Final answer:
Approximately 0.9282 grams of copper are needed to completely react with 2.45 grams of nitric acid, using stoichiometry to find the molar ratio from the balanced chemical equation.
Step-by-step explanation:
The student is asking about the amount of copper that would completely react with a given amount of nitric acid (HNO3). In order to solve this problem, it's essential to use stoichiometry from a balanced chemical equation which involves copper (Cu) and nitric acid reacting to produce copper(II) nitrate (Cu(NO3)2) and other products depending on the concentration of the nitric acid used. The balanced chemical equation for this reaction, if using concentrated nitric acid, is:
3Cu(s) + 8HNO3(aq) → 3Cu(NO3)2(aq) + 2NO(g) + 4H2O(l)
From this equation, we can determine the molar ratio between copper and nitric acid to be 3 mol of Cu: 8 mol of HNO3. Since we are starting with a mass of nitric acid, the first step is to convert the mass of nitric acid to moles using its molar mass.
The molar mass of HNO3 is approximately 63.01 g/mol.

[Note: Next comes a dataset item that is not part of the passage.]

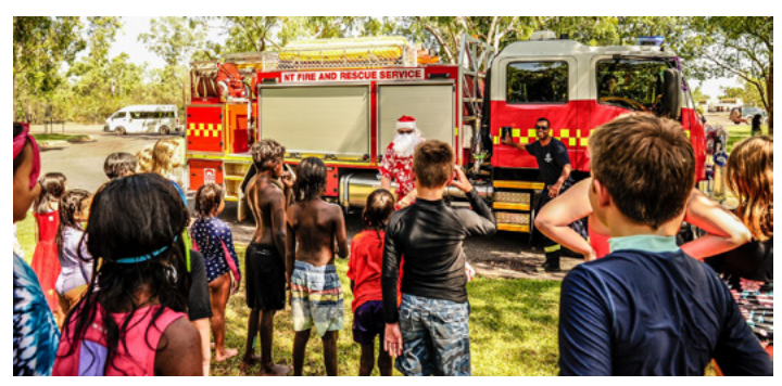
Santa delivering lollies with his helpers to the community.

Also, thanks to the Pool staff for keeping everyone safe during the day and a big thank you to everyone that attended the event and made the day so special!

Therefore, 2.45 grams of HNO3 is:
2.45 g HNO3 × (1 mol HNO3 / 63.01 g) ≈ 0.0389 mol HNO3
Using the molar ratio from the balanced equation, we calculate the moles of copper:
0.0389 mol HNO3 × (3 mol Cu / 8 mol HNO3) ≈ 0.0146 mol Cu
Finally, we convert the moles of copper back to grams using the molar mass of copper which is approximately 63.55 g/mol:
0.0146 mol Cu × (63.55 g / 1 mol Cu) ≈ 0.9282 grams of Cu
This calculation results in approximately 0.9282 grams of copper needed to react completely with 2.45 grams of nitric acid.